The prevalence of cirrhosis was high in HCC (n = 25) and low in the NAFLD (n = 4). No patient was classified as undernourished based on BMI; however, NRI showed that 74.1% of patients with HCC had nutritional risk.
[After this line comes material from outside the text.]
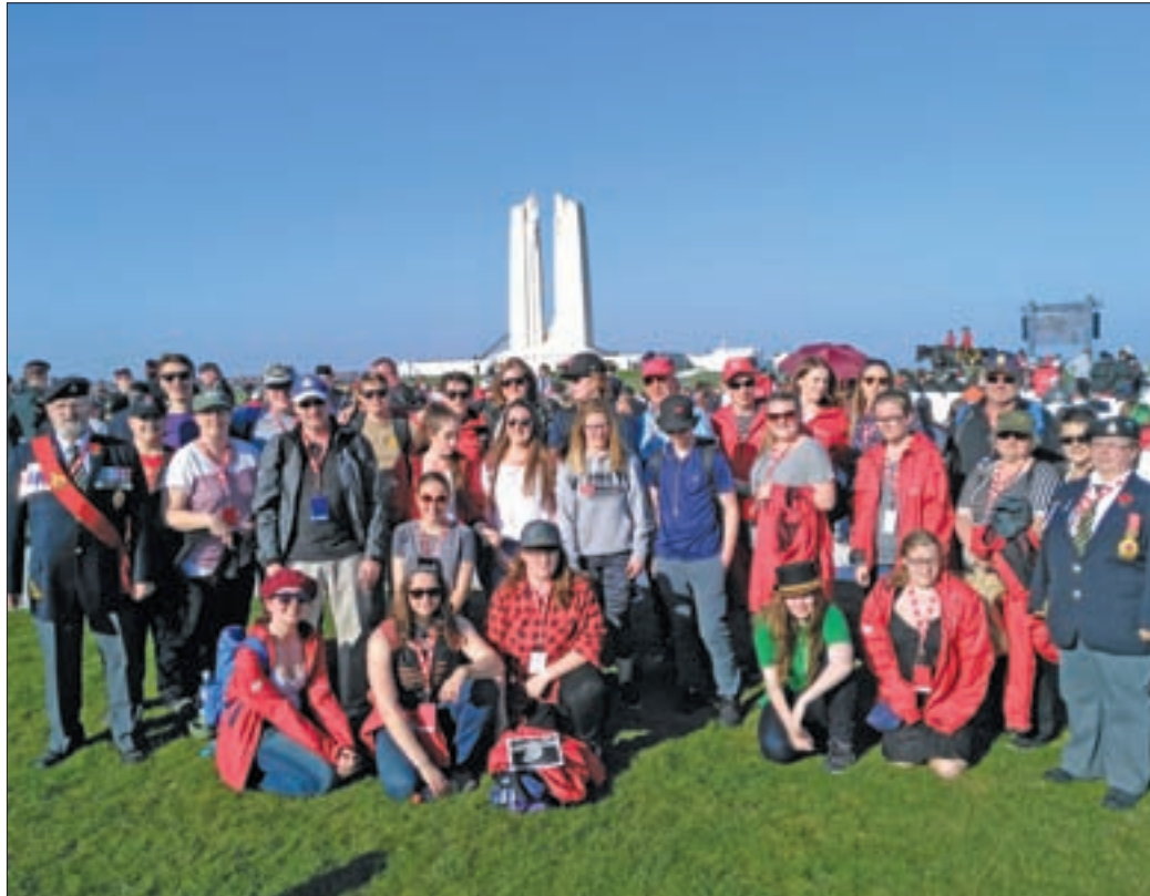
Dufferin students travelled to Vimy Ridge in France earlier this month to commemorate the 100th anniversary of a battle that saw 3,598 Canadian soldiers killed and 7,000 wounded when their four divisions stormed the ridge on April 9, 1917. Facing a barrage of machine gun fire against horrible odds, the strategy and valour of the Canadian soldiers captured the ridge and established Canada as a young nation to be respected on the international stage. Centre Dufferin students are seen here at the Vimy Ridge Ceremony April 9.

It is incumbent on the Trudeau government to remind President Trump and Congress of this fact at every opportunity.

Child-Pugh was positively correlated with the edema index (extracellular water/total body water [ECW/TBW]) and negatively correlated with PhA and HGS. Higher Child-Pugh and BCLC scores were associated with worse NRI. APRI and FIB-4 were positively correlated with weight and BMI. A significant difference between groups was found for the median values of R, ECW/TBW, PhA, HGS, and albumin. There was a trend toward lower survival in patients with HCC, according to the cutoff point of 5.1 degrees for PhA.

CONCLUSION

PhA was shown to be an independent prognostic indicator for cirrhosis and may be related to survival in these patients.

摘要

目的

本研究旨在评估相位角(PhA)作为慢性肝病严重程度指标的适用性。

方法

我们检查了 54 名患者的病历,其中 27 名患有肝细胞癌(HCC),27 名患有非酒精性脂肪性肝病(NAFLD)。患者年龄均≥18 岁。收集了临床数据,如 Child-Pugh 和巴塞罗那临床肝癌(HCC)、天冬氨酸转氨酶与血小板比值指数(APRI)和纤维化(FIB-4)(NAFLD)、营养参数(体重指数[BMI]、手握力[HGS]和生物电阻抗[BIA]数据)。计算了营养风险指数(NRI)。采用 Mann-Whitney 检验和方差分析进行分析。进行简单的多元线性回归预测(HCC 中的 Child-Pugh、NAFLD 中的 APRI 和 FIB-4)。通过估计接收者操作特征曲线来寻找 PhA 的截止值。对于生存,我们使用 Kaplan-Meier 估计器。为了验证 PhA 是否影响患者的生存,我们使用了 Mantel-Haenszel。

结果

HCC 中肝硬化的患病率较高(n=25),NAFLD 中患病率较低(n=4)。根据 BMI,没有患者被归类为营养不良;然而,NRI 显示 74.1%的 HCC 患者存在营养风险。Child-Pugh 与水肿指数(细胞外液/总体水[ECW/TBW])呈正相关,与 PhA 和 HGS 呈负相关。较高的 Child-Pugh 和 BCLC 评分与较差的 NRI 相关。APRI 和 FIB-4 与体重和 BMI 呈正相关。各组之间 R、ECW/TBW、PhA、HGS 和白蛋白的中位数存在显著差异。PhA 截断值为 5.1 度时,HCC 患者的生存趋势较低。

结论

PhA 被证明是肝硬化的独立预后指标,可能与这些患者的生存有关。